**WHAT THE TASK REQUIRES:**
Go through the entries below and print, exactly, the lines starting at the one with "Fabulous! Rose Quartz" and ending at the one with "08:08:33Der Fokus liegt", keeping both ends and no others.

**RECORD SET:**
※

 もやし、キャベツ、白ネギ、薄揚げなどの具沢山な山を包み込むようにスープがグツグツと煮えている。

※

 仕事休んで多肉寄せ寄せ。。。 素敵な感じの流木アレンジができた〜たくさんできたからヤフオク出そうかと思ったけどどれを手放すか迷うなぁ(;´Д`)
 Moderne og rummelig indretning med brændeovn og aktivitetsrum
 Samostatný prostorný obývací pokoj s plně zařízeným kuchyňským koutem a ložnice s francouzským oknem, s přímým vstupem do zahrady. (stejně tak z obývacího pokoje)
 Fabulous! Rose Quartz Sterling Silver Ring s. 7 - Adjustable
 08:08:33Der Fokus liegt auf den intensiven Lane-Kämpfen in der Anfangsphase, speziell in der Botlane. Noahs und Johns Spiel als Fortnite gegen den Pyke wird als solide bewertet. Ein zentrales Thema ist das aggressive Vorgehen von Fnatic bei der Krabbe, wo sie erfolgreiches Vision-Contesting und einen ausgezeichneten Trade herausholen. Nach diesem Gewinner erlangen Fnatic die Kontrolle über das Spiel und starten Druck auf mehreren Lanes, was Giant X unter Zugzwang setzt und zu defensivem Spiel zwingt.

※

**RESULT OF THIS EXERCISE:**
 Fabulous! Rose Quartz Sterling Silver Ring s. 7 - Adjustable
 08:08:33Der Fokus liegt auf den intensiven Lane-Kämpfen in der Anfangsphase, speziell in der Botlane. Noahs und Johns Spiel als Fortnite gegen den Pyke wird als solide bewertet. Ein zentrales Thema ist das aggressive Vorgehen von Fnatic bei der Krabbe, wo sie erfolgreiches Vision-Contesting und einen ausgezeichneten Trade herausholen. Nach diesem Gewinner erlangen Fnatic die Kontrolle über das Spiel und starten Druck auf mehreren Lanes, was Giant X unter Zugzwang setzt und zu defensivem Spiel zwingt.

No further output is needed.